The House of Lords quoted this passage: at [24].
29. The duty under section 117 does not arise until the tribunal has made its decision: W v Doncaster Metropolitan Borough Council [2004] EWCA Civ 378 at [51]. But that does not justify using section 73(7) in order to obtain information about after-care. There is no reason in principle why a tribunal may not adjourn for enquiries to be made about the type of support that might be provided.
The classic impasse
92 The critical impasse arises where a tribunal considers that it is necessary for the health or safety of the patient or the safety of others that the patient continues to receive psychiatric treatment, and that it is reasonable for such treatment to be provided in the community, but the psychiatrists who would have to provide such treatment refuse to do so because they disagree with the tribunal's view that the patient can safely be treated in the community. We think that it is unlikely that this impasse will arise in circumstances where the tribunal has concluded that it is not satisfied that the patient is any longer suffering from a mental illness, although the present may be such a rare case. The impasse in question will classically arise in the case of a patient who, while of unsound mind, can be expected to remain free of symptoms provided that he continues to receive treatment. In such a situation there is more scope for disagreement between a tribunal and the psychiatrists called upon to provide such treatment as to whether it can be safely be provided in the community or only under detention in hospital.

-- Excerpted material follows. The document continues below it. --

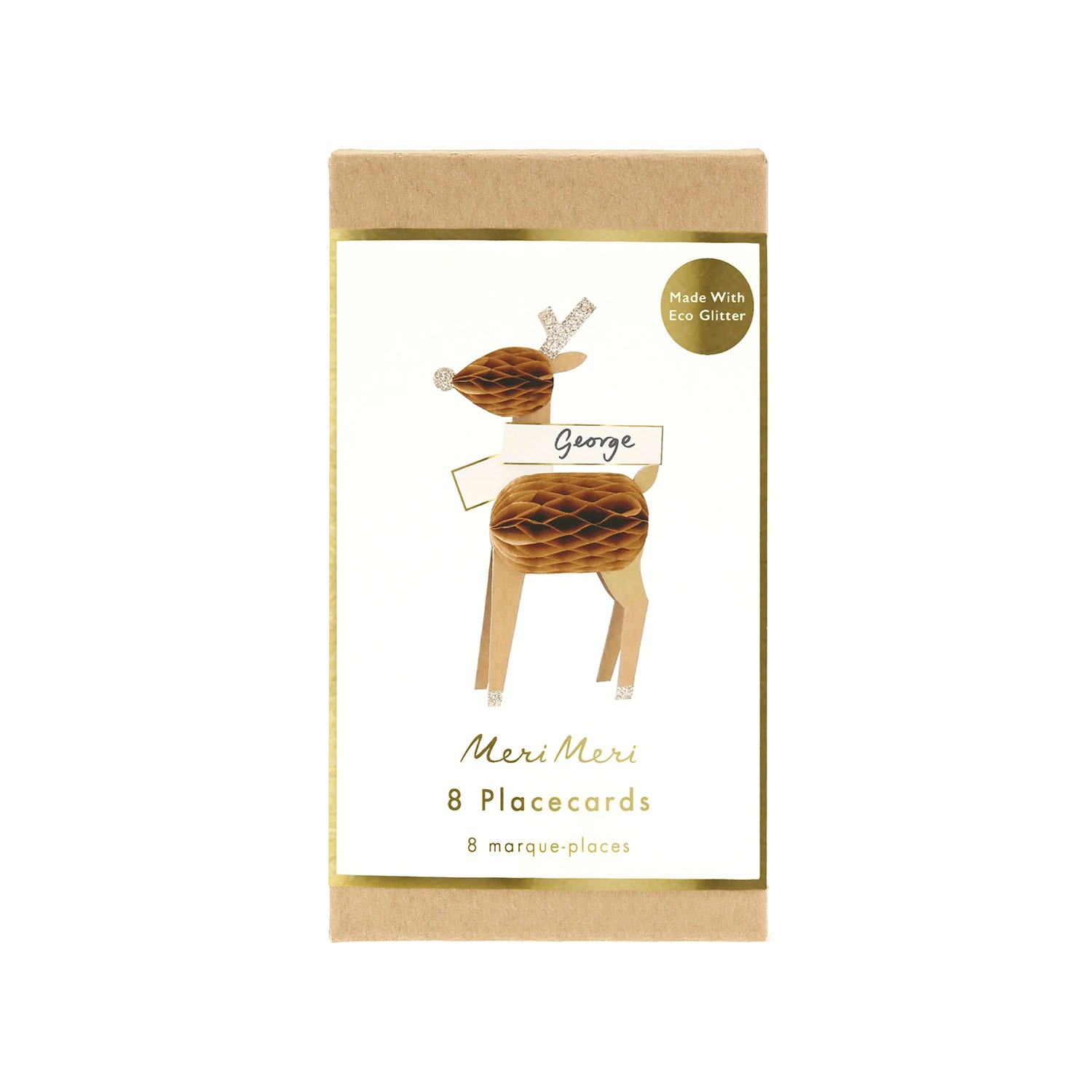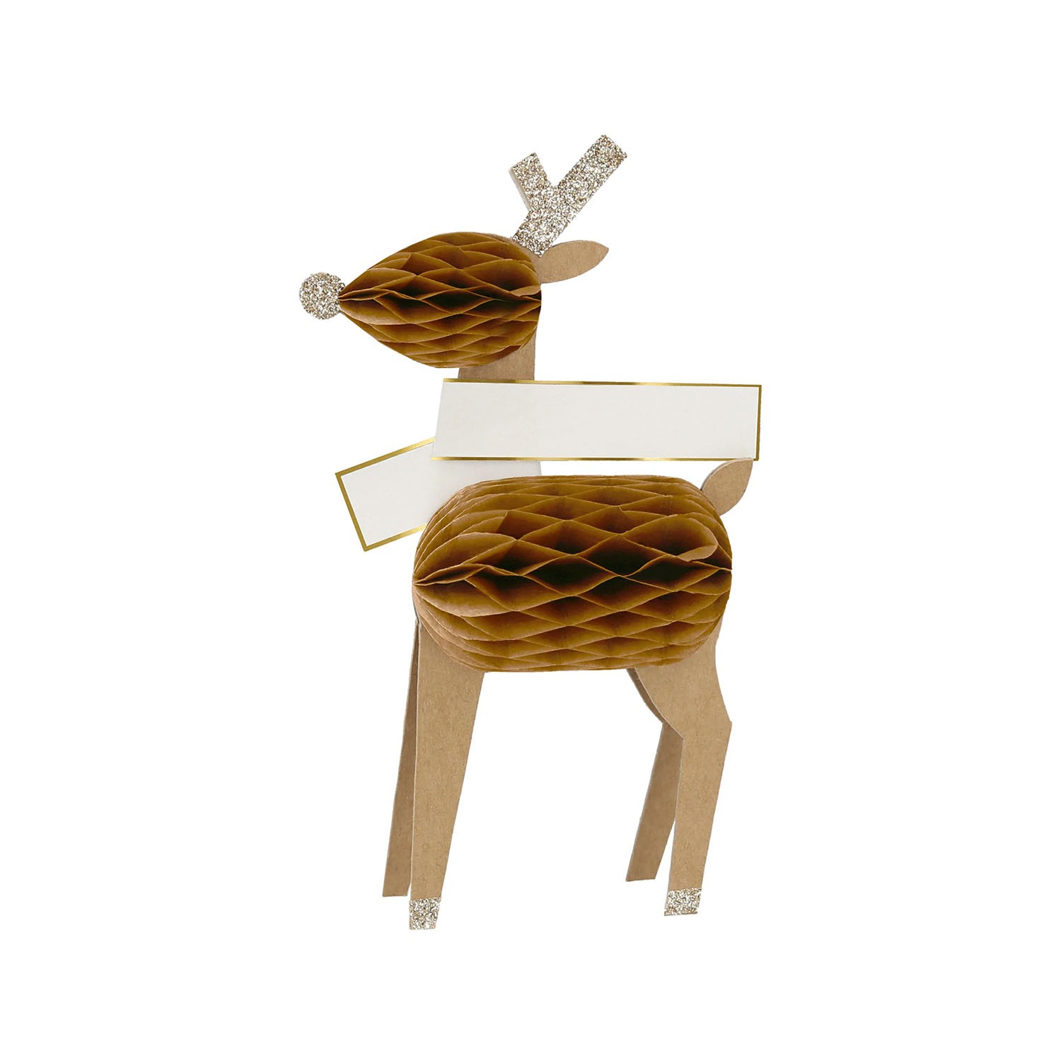 Aiuta i tuoi ospiti a trovare il loro posto a tavola, con questi segnaposto a forma di simpatica renna realizzati in carta FSC sostenibile a nido d'ape con effetto 3D. Una decorazione adorabile che sia i bambini che gli adulti adoreranno. Dettagli glitterati dorati sulle corna e sugli zoccoli. Scrivi i nomi sulle sciarpe di carta dai fini bordi in lamina dorata lucida.

The Court then suggested the solution:
96 We consider that in a case such as the present the provisions of section 73 of the Act operate as follows. Where a tribunal decides (i) that a restricted patient is suffering from mental illness for which psychiatric treatment is necessary for the health or safety of the patient or the protection of other persons and (ii) that detention in hospital for that treatment is not necessary if, but only if, psychiatric treatment is provided in the community, the tribunal can properly make a provisional decision to direct a conditional discharge, but defer giving that direction to enable arrangements to be made for providing psychiatric treatment in the community. The health authority subject to the section 117 duty will then be bound to use its best endeavours to put in place the necessary after-care. If it fails to use its best endeavours it will be subject to judicial review. If, despite its best endeavours, the health authority is unable to provide the necessary services, the tribunal must think again. If, as is likely in those circumstances, it concludes that it is necessary for the patient to remain detained in hospital in order to receive the treatment, it should record that decision.
27. … it is undesirable to restrict the procedural freedom of tribunals in a field as important and sensitive as this, where personal liberty and safety and public protection are all at stake: the outcome should not turn on procedural niceties.